Меня столько раз в КГБ спрашивали, откуда я знаю еврейский язык, что я стал выдумывать. Я говорил, что это гирса де‑янкута — впитанное с молоком матери, что в детстве дедушка научил, и я не виноват. Это, конечно, полное вранье. Я из абсолютно ассимилированной семьи, не видел букв еврейских никогда в детстве, ничего об этом не слышал.

Я учился в самой простой дворовой школе. Единственный из всех своих сегодняшних знакомых я не кончал ни английскую школу, ни какую‑либо другую привилегированную. У меня папа был настоящий шестидесятник. Он считал, что мы должны учиться с народом. Сам при этом получив прекрасное образование, окончив истфак и будучи хорошим историком, меня он отправил в школу во дворе. Конечно, меня там обзывали евреем иногда, и я, конечно, чего‑то боялся, но на мою жизнь это никак особо не повлияло.

Я был невероятно романтичный мальчик. У меня было три любви в жизни. В пятом классе я всецело влюбился в русскую историю, выучил наизусть все родословные Рюриковичей и Романовых. И когда мой старший брат готовился к экзамену по истории, все его одноклассники приходили ко мне, сопляку, потому что я все знал: все имена, даты всех битв, всё. Просто болел этой русской историей, читал запоем.

Потом, лет в 14–15, у меня что‑то внутри щелкнуло, и я влюбился в русскую поэзию. Я стал собирать книги, познакомился с букинистами. Зарабатывал на книги. Я два лета проработал юнгой — меня папа отправил: не умеющего плавать еврейского мальчика — в юнги, где меня научили пить портвейн и познакомили с гулящими девками. Девчата эти меня очень любили, потому что я был маленький, симпатичный, с длинными ресницами и вреда никакого не наносил. А потом я пошел работать на завод в горячий цех с идеей заработать 45 рублей, потому что 45 рублей на черном рынке стоил сборник Цветаевой. Я отработал лето, разбил там себе руку, но книгу все‑таки купил. Я жил поэзией, и так дожил до десятого класса, прозу почти не читал. Все учил наизусть.

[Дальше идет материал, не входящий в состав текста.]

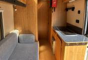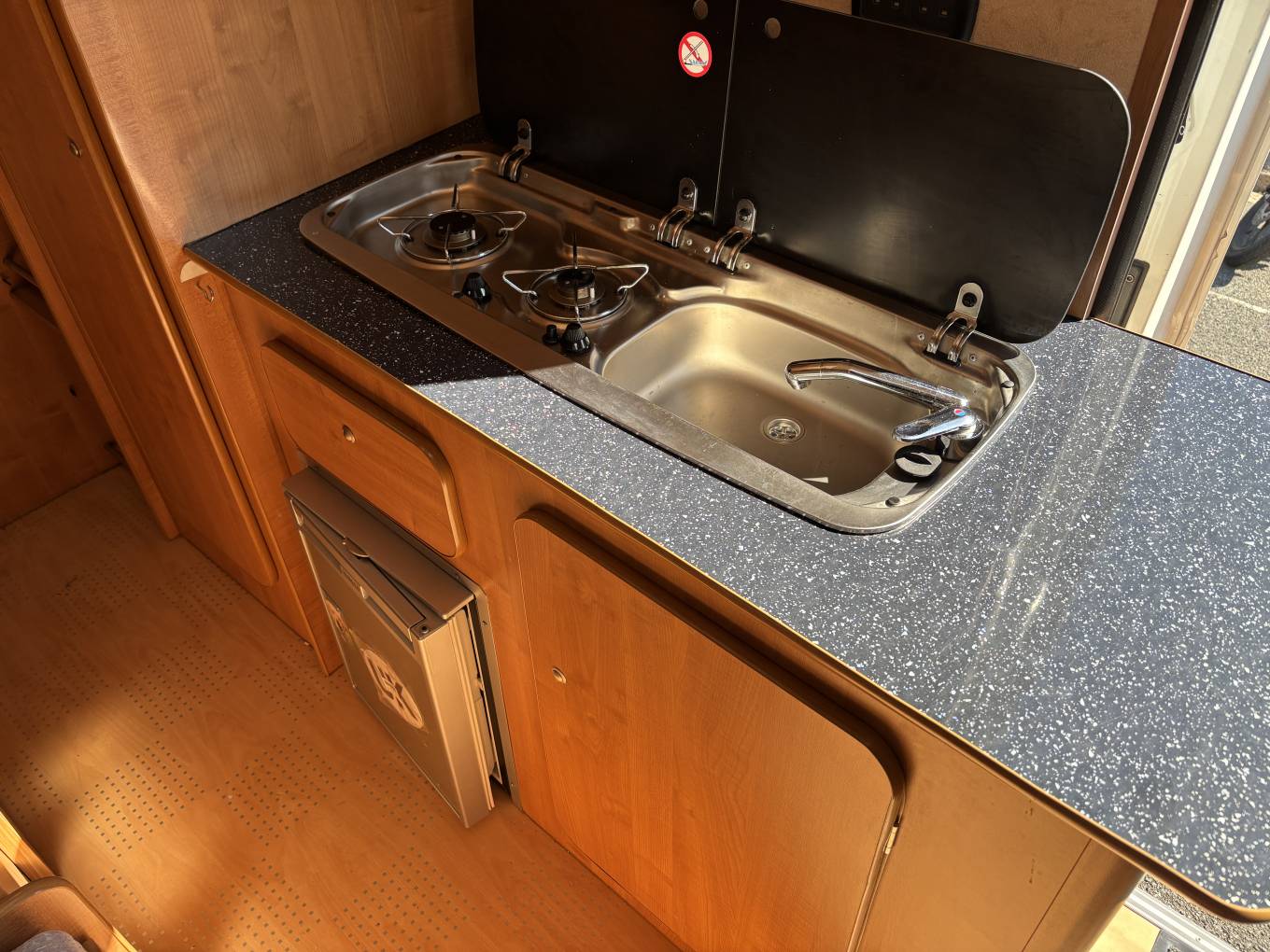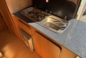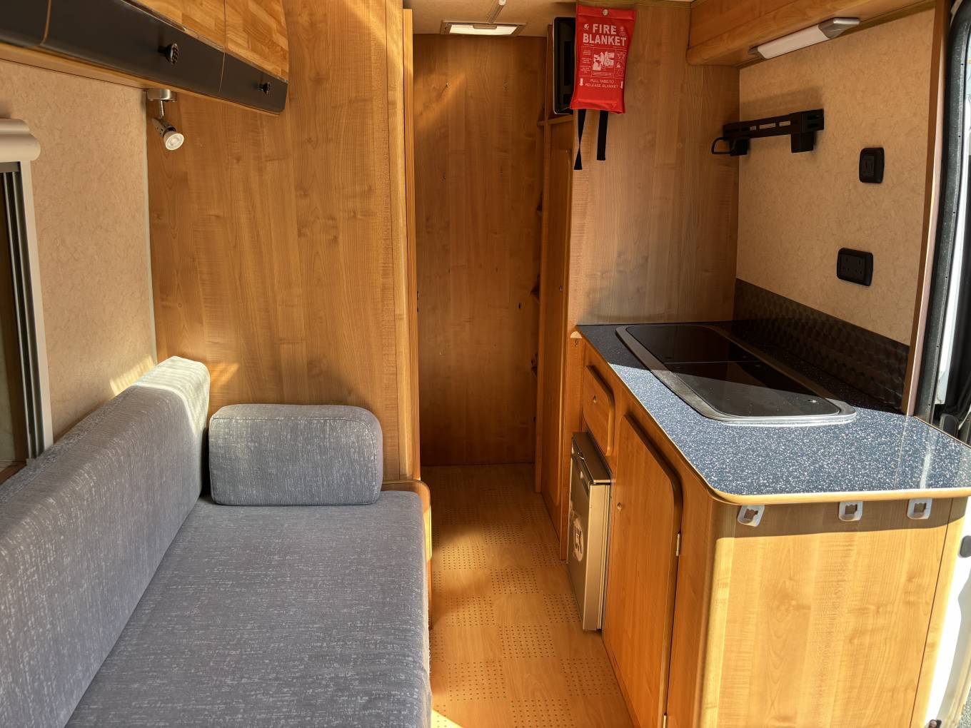 Inside, the layout is simple yet functional. The lounge area converts into a comfortable double bed, and there's a fold-away dining table for mealtimes or working on the go. The kitchen includes a sink, two gas hobs, and a fridge, allowing for easy meal prep wherever you’re parked.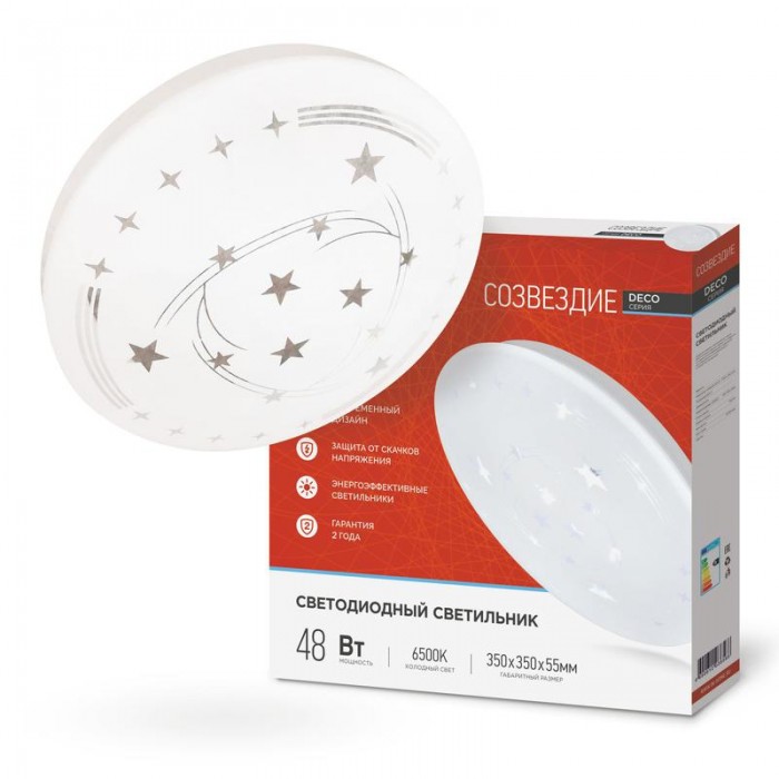 Светодиодный светильник серии DECO от компании In Home с динамичным рисунком в виде хоровода созвездий станет удачным дополнением жилого интерьера. Линейка светильников СОЗВЕЗДИЕ представлена в диапазоне мощностей от 12 Вт до 48 Вт, что позволяют подобрать оптимальный осветительный прибор, в зависимости от конфигурации и габаритов помещения. Светодиодные светильники СОЗВЕЗДИЕ серии DECO предназначены для внутреннего освещения жилых помещений, подъездов и сферы ЖКХ, офисных и административных учреждений, магазинов, а также холлов, коридоров, лестничных пролётов, подсобок и других помещений вспомогательного назначения. Современные светильники серии DECO, работающие на основе последнего поколения светодиодов, обеспечивают яркий равномерный световой поток при максимальной экономии электроэнергии. Отсутствие пульсации гарантирует сохранность здоровья глаз. Светодиодные светильники являются одним из самых экологически безвредных источников света и не требуют специальной утилизации и переработки.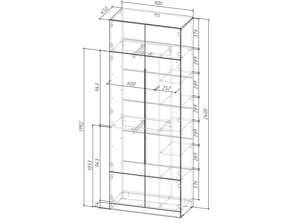 Габаритные размеры: Д.900 х В.2400 х Г.450 мм.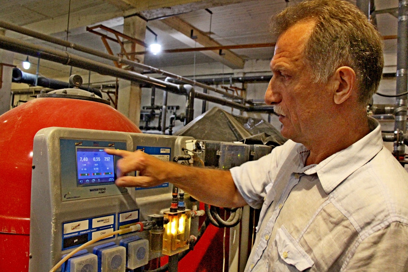 Сама система водоподготовки серьёзно обновлена в 2012 году, что позволило безукоризненно выполнять все нормы СанПиН, каждые восемь часов весь объём воды, это свыше 3000 кубометров, стопроцентно фильтруется с применением механического и химического обеззараживания и очистки воды, плюс обработка ультрафиолетом. От применения чистого хлора тогда же отказались, для обеззараживания применяется гипохлорид натрия, к тому же автоматика поддерживает заданные параметры - завсегдатаи бассейна это отмечают, так как отсутствует привычный запах «хлорки».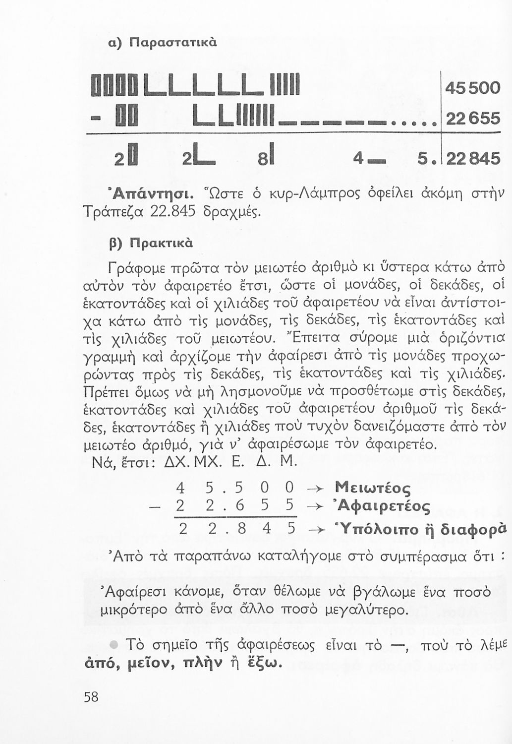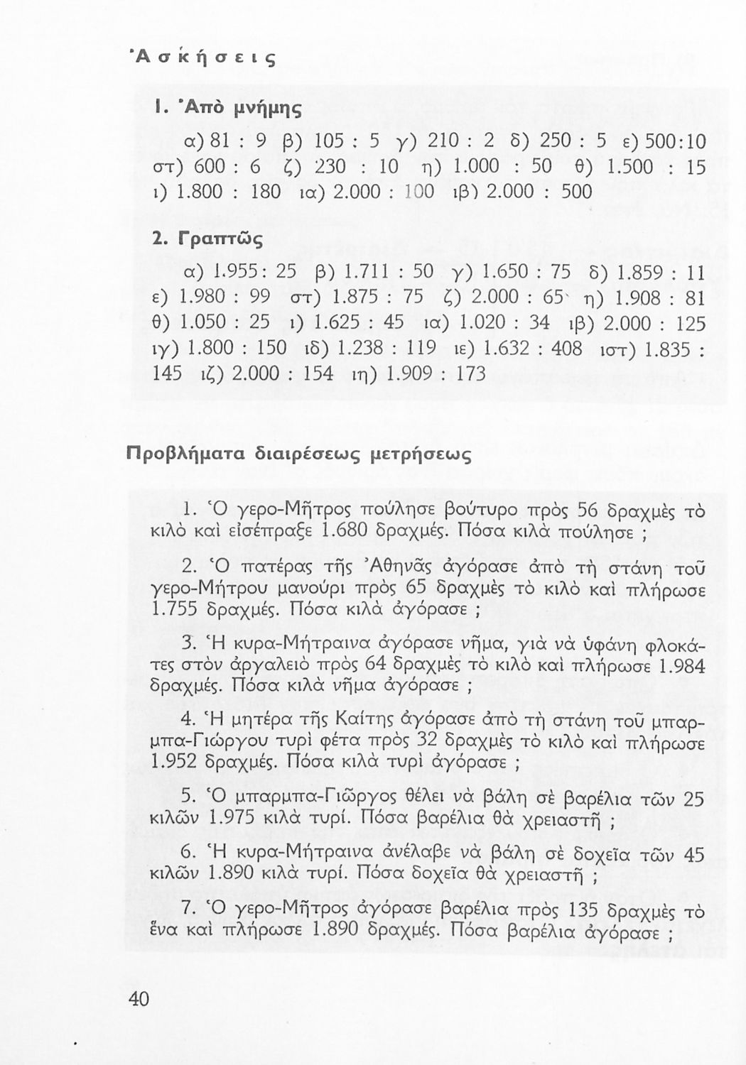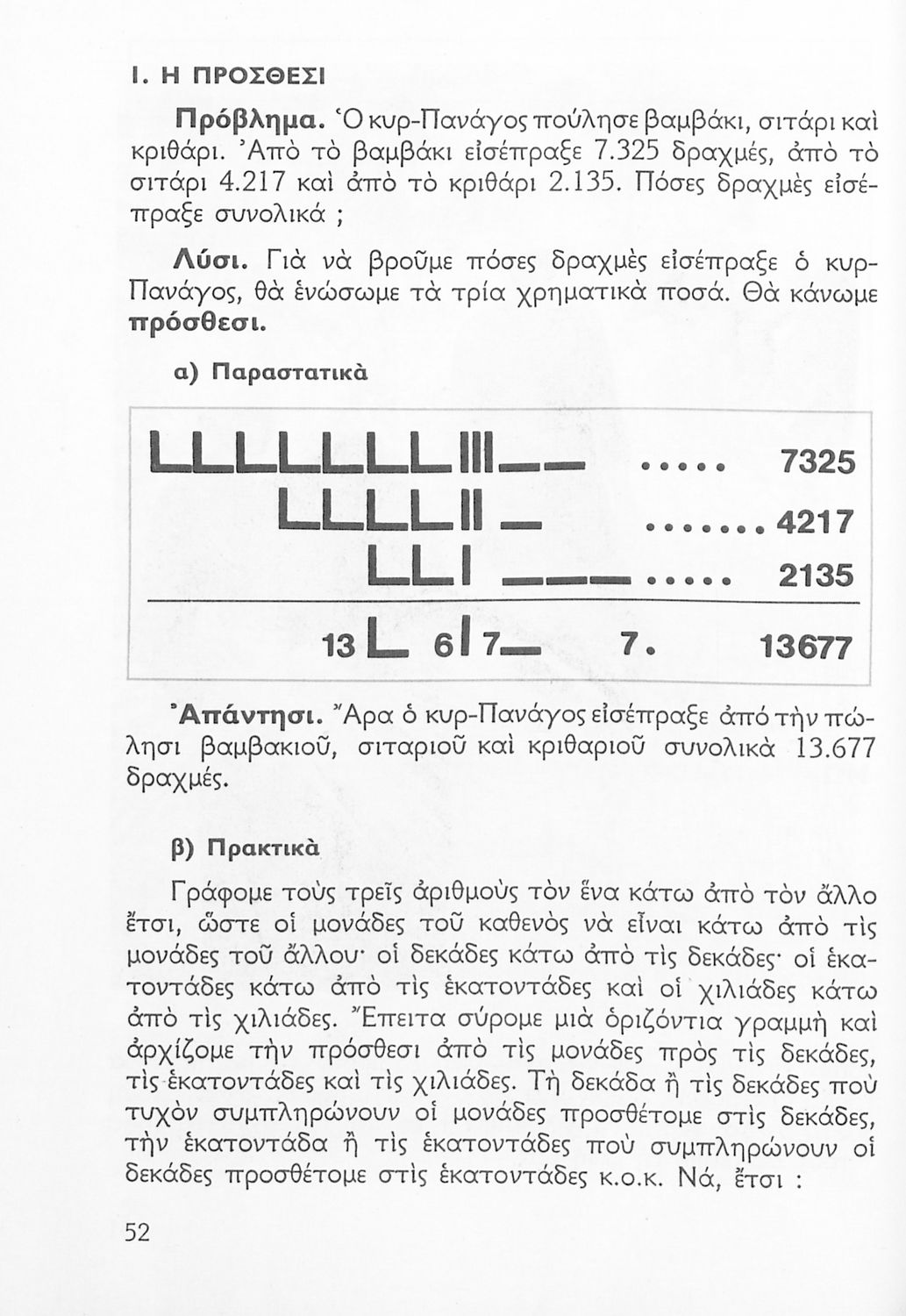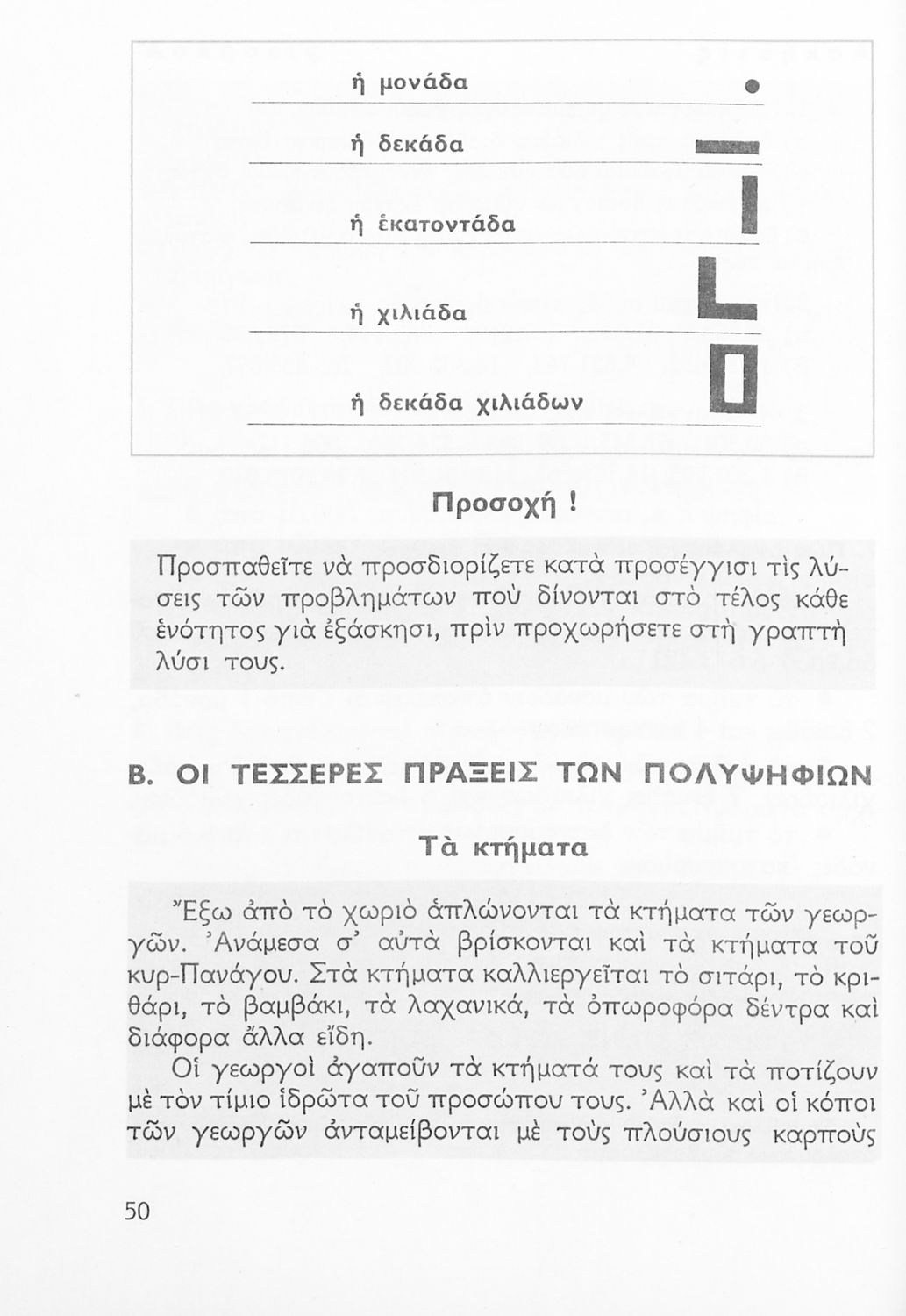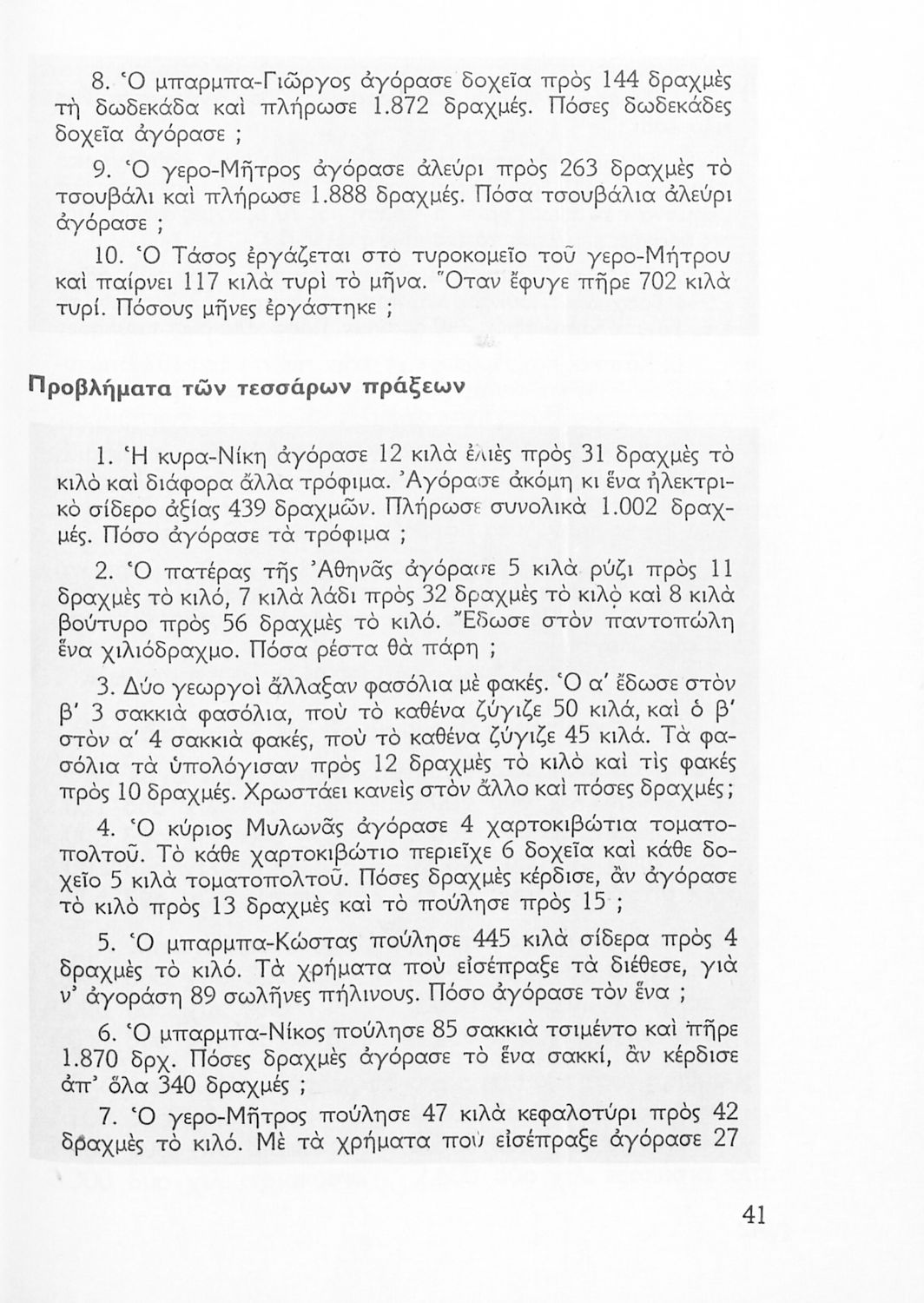 Σχολικό εγχειρίδιο Αριθμητικής Δ΄ Δημοτικού χωρισμένο σε πρακτικά προβλήματα και τις λύσεις τους που περιλαμβάνει και κάποια στοιχεία Γεωμετρίας.

А в десятом классе снова щелкнуло, и я захотел что‑то узнать про евреев. Случилась третья любовь, и она осталась на всю жизнь.

«Раз мне нельзя, я хочу это выучить»

Так совпало, что я не только получил паспорт, где было написано «еврей», но вместе с ним и объяснение, что мне не поступить в университет, что университет для меня закрыт.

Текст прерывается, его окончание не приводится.